Thanks as always, Mr. Homnick, for your analysis.

Here’s an interesting confluence of coincidences for you.

Hugo Chavez tried twice before he got his constitution’s term limits removed so he could become Presidente for Life. Our Proto-Dictator goes all soft and cuddly with him with not a word about the role of a constitution in a democracy.

Zaleya tries to use extra-constitutional smoke and mirrors to have his constitution’s term limits removed so he could become Presidente for Life. Our Proto-Dictator leaps to his defense in the name of “democracy” while ignoring the fact that the constitution is the keystone of democracy.

Recent stories indicate that our Proto-Dictator’s people are already working on how to get the 22nd Amendment of our Constitution repealed — or how to get around it, if recent history accurately reflects their attitude toward the Constitution — so he can become President for Life..

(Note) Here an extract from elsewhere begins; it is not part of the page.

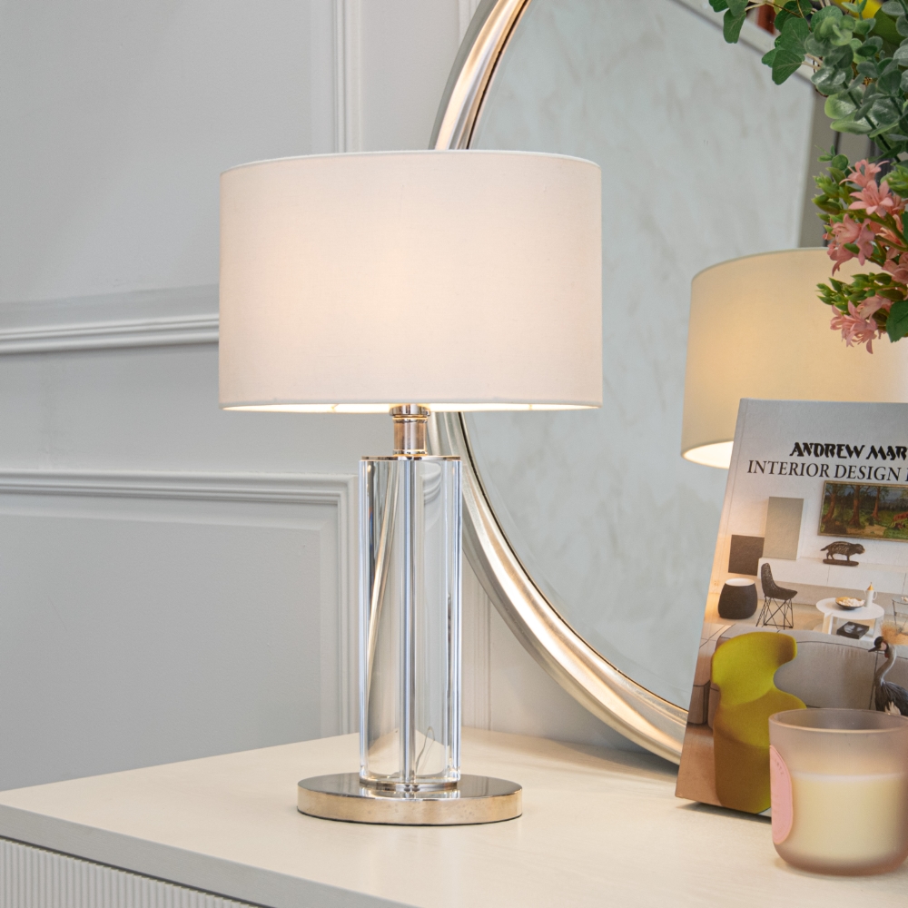 Lisle bordlampe i krystall og nikkel – med skjerm

Obama has no choice but to sanctify Chavez and Zaleya because he will need to justify his own elevation to life status.

Democracy, it seems, no longer has anything to do with the will of the people and, tragically, even less to do with constitutions.

That way tyranny lies.
–A. C. Santore

READER MAILING
Re: Dick Grogan’s letter (under “No Comments”) in Reader Mail’s California  Nightmarin‘:

I would like to bring to your attention that the comments section at TAS is not the same as Reader Mail. The Reader Mail section is far more important. Case in point is in today’s first comment in comments section by a man who used the name “Paul Mills” in comments section underneath the article about Zelaya. [That comment has been deleted –Ed.] While I am not a blogger, as many are, I can still recognize the difference in a site where someone takes a great deal of time to measure meaningful words that might be meaningful read by many others, as opposed to a section where filthy language is followed by near worthless comments. This section could not even pass the muster of the multitude of reasoned thinkers who sit and copiously measure thoughts and words that appear in the next issue of the magazine, under Reader Mail.

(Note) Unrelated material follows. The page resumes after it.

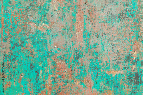 pattern of grunge wall with different colors covered by peeling green color in harmonic structure

There are so many who look forward to reading the carefully written thoughts of folks from Minnesota, Virginia, Texas, and California. I think of the names and personalities I have come to look for immediately when I open your daily column. Certainly, you as the magazine’s editor can sweep away these writers by classifying them in as meaningless chatter and subjugate them to a “comments” section. But, I would suggest you will by missing some of the best writers I have ever read. Where do you place a Diane Smith and Ira Kessel and Michael Tomlinson, Jay Molyneaux, Ken Shreve, and so many others from whom I learned from? We live in soundbite times. What we need is to sit up and listen to reasoned thinking that will give us courage to meet the morrow.

It isn’t just the same when you read a hastily written piece in Comments. On Thursday there was even a comment written in Japanese. I wonder how many TAS readers understood that? So, I ask you not to discontinue the Reader Mail portion of TAS. It has great value for us as we draw encouragement in these dark times.